#### Brief
With the images excluded, set down every line of the listing below exactly.

#### Input data
....
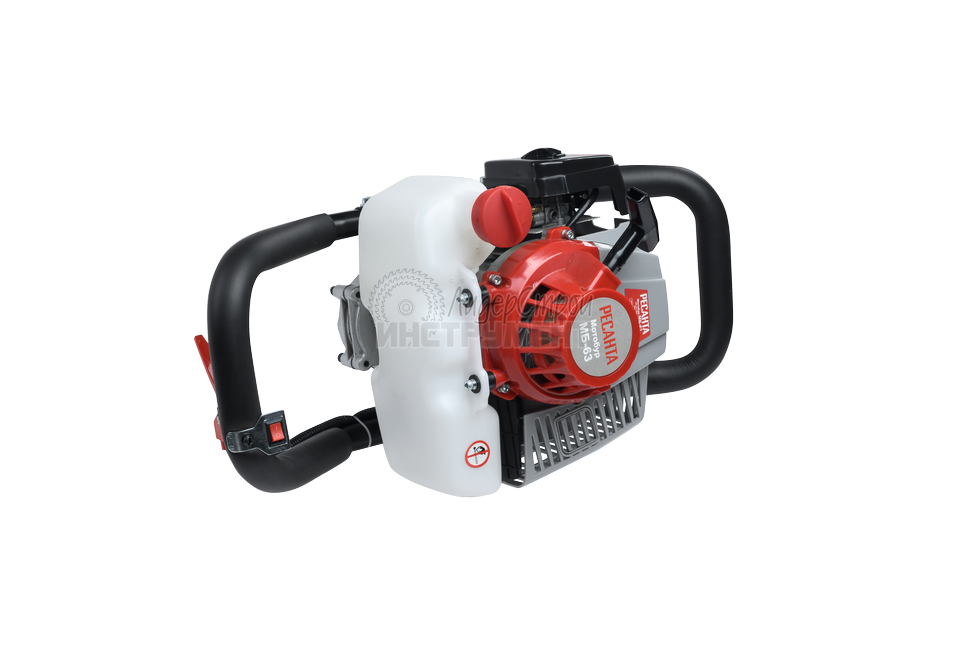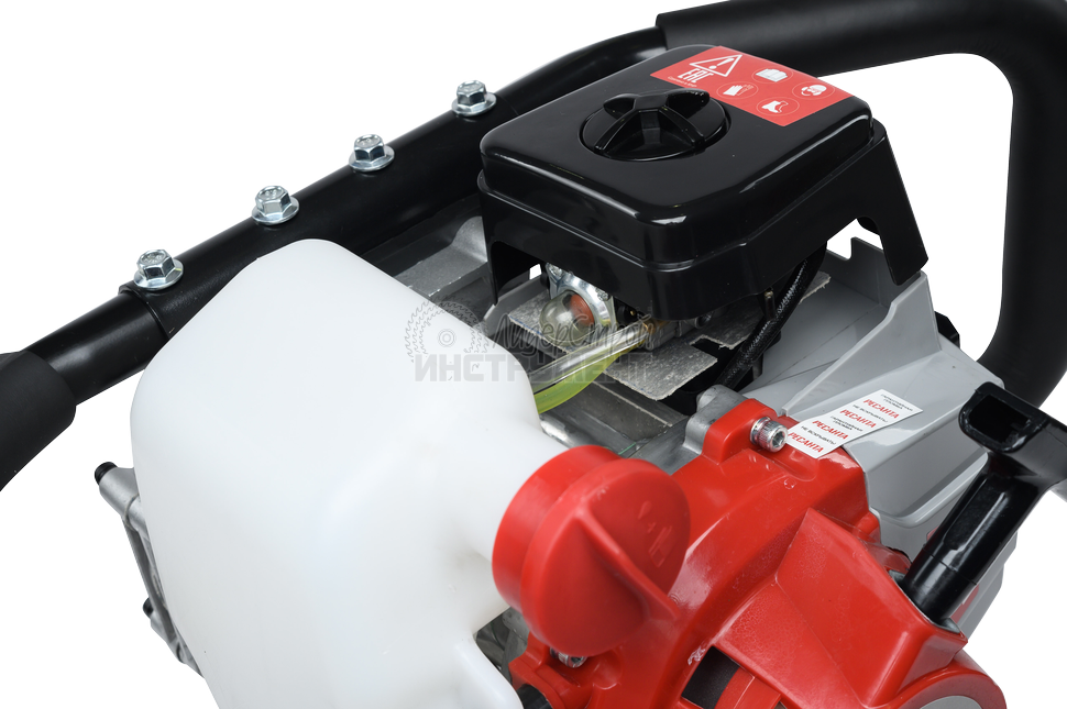 Двухтактный бензиновый двигатель мощностью 2,5 л.с. и объемом 52 см3, топливным баком вместительностью 1,2 л обеспечивают длительную непрерывную работу.
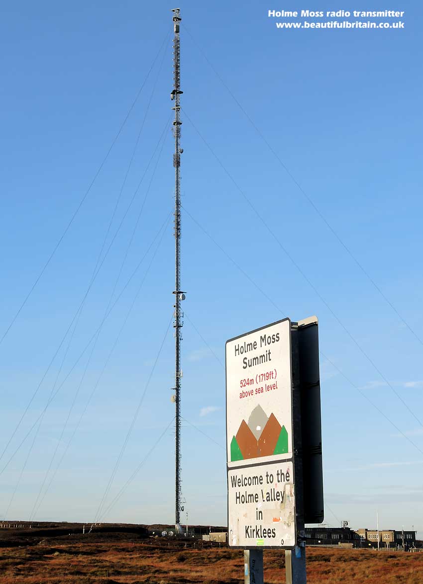 picture) one of the highest in the country, reaching 228m above ground and 524m above sea level. In 1951 it provided BBC television (the only TV programme at the time)  but now transmits VHF, FM and DAB radio to Derbyshire, Manchester and West Yorkshire, with coverage of around 13.5 million people.
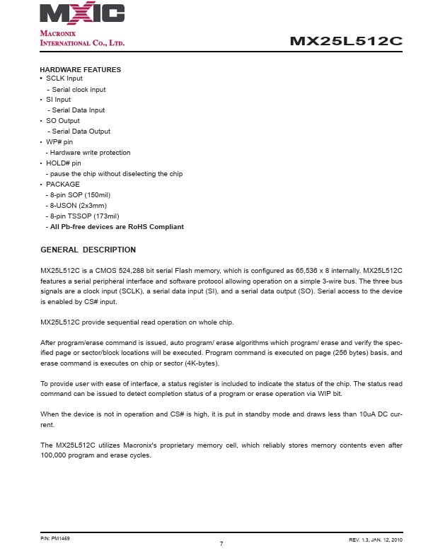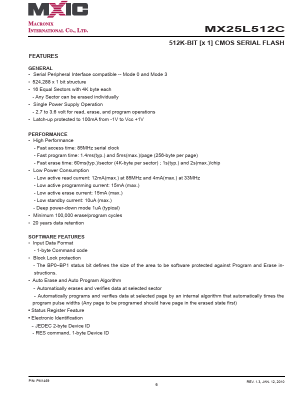 MX25L512C is a CMOS 524,288 bit serial Flash memory, which is configured as 65,536 x 8 internally.
....
#### Result of this task
 Двухтактный бензиновый двигатель мощностью 2,5 л.с. и объемом 52 см3, топливным баком вместительностью 1,2 л обеспечивают длительную непрерывную работу.
 picture) one of the highest in the country, reaching 228m above ground and 524m above sea level. In 1951 it provided BBC television (the only TV programme at the time)  but now transmits VHF, FM and DAB radio to Derbyshire, Manchester and West Yorkshire, with coverage of around 13.5 million people.
 MX25L512C is a CMOS 524,288 bit serial Flash memory, which is configured as 65,536 x 8 internally.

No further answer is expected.